Raddatz: It's also considered a huge insult in this world, the sole of a shoe, throwing a shoe.

Bush: I guess. Look they were humiliated. The press corps, the rest of the Iraqi press corps was humiliated. These guys were just besides themselves about, they felt like he had disgraced their entire press corps and I frankly, I didn't view it as, I thought it was interesting, I thought it was unusual to have a guy throw his shoe at you. But I'm not insulted. I don't hold it against the government. I don't think the Iraqi press corps as a whole is terrible. And so, the guy wanted to get on TV and he did. I don't know what his beef is. But whatever it is I'm sure somebody will hear it.

Raddatz: Let's talk about this trip. Your last trip to the region as president. Your last trip to Iraq. Surely your legacy will be largely about this war. Talk to me about how that feels being here? The last trip and what you really think that legacy will be.

Bush: Well, first of all I think a president's legacy is going to take time. We've accomplished a lot in my administration.
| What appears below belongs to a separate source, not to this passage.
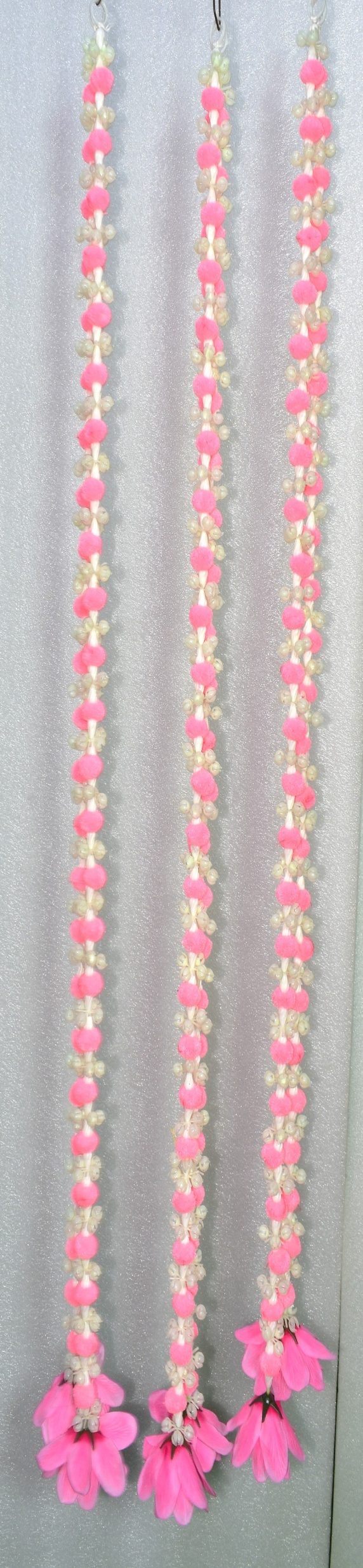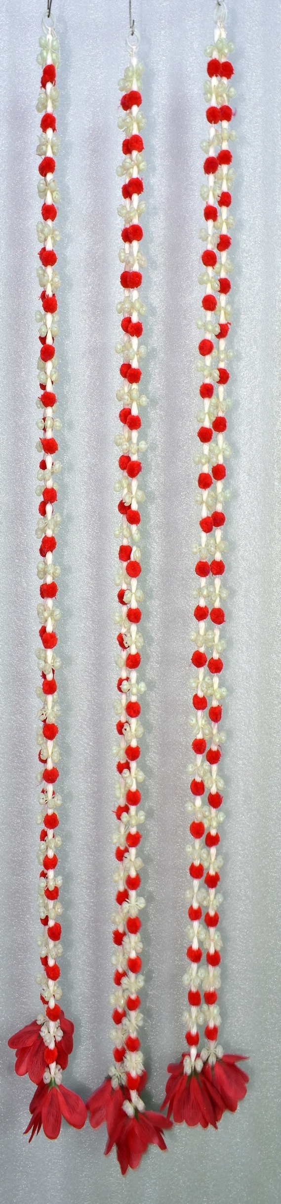 In Lariya Decoration, bright-colored cloths like red, yellow, pink, and green are arranged in spiral or layered patterns on ceilings, stages, and walls.

Like No Child Left Behind; 52 months of uninterrupted job growth; PEPFAR, which is the AIDS initiative in Africa; fighting malaria, where there's poverty; faith based; I mean there a lot that people will be able to judge this administration on.

Clearly, one of the most important parts of my job because of 9/11 was to defend the security of the American people. There have been no attacks since I have been president, since 9/11. One of the major theaters against al Qaeda turns out to have been Iraq. This is where al Qaeda said they were going to take their stand. This is where al Qaeda was hoping to take ...

Raddatz: But not until after the U.S. invaded.

Bush: Yeah, that's right. So what? The point is that al Qaeda said they're going to take a stand. Well, first of all in the post-9/11 environment Saddam Hussein posed a threat. And then upon removal, al Qaeda decides to take a stand. And they're becoming defeated and I think history will say, one, the world was better off without Saddam, two, along with the Iraqi troops we have denied al Qaeda a safe haven because a young democracy is beginning to grow, which will be an important sign for people in the Middle East.

Raddatz: Just let me go back because you brought this up. You said Saddam Hussein posed a threat in the post-9/11 world. They didn't find weapons of mass destruction.

Bush: That's true. Everybody thought they had them.

Raddatz: So what threat?

Bush: Saddam Hussein was the sworn enemy of the United States. He had been enriched by oil revenues. He was a sponsor of terror. I have never claimed like some said that he -- you know, oh, that he was directly involved with the attacks on 9/11, but he did support terrorists. And, uh, Saddam Hussein had the capability making weapons of mass destruction.

I did not have the luxury of knowing he did not have them, neither did the rest of the world until after we had come and removed him. Raddatz: So would you have gone in anyway?

Bush: … Excuse me for a minute. And finally we gave Hussein a peaceful way out. It was his choice. And when he refused to allow for inspections, when he refused to disclose or disarm, then a large coalition of troops took him out. And ...

Now the question is are we going to stay and help this young democracy thrive. What happened was after Saddam leaves, al Qaeda says this is the second front in the war on terror. And I take the words of a terrorist leader seriously and ... so we have worked with the Iraqis to try to help their democracy grow and thrive [and] at the same time eliminate al Qaeda safe havens.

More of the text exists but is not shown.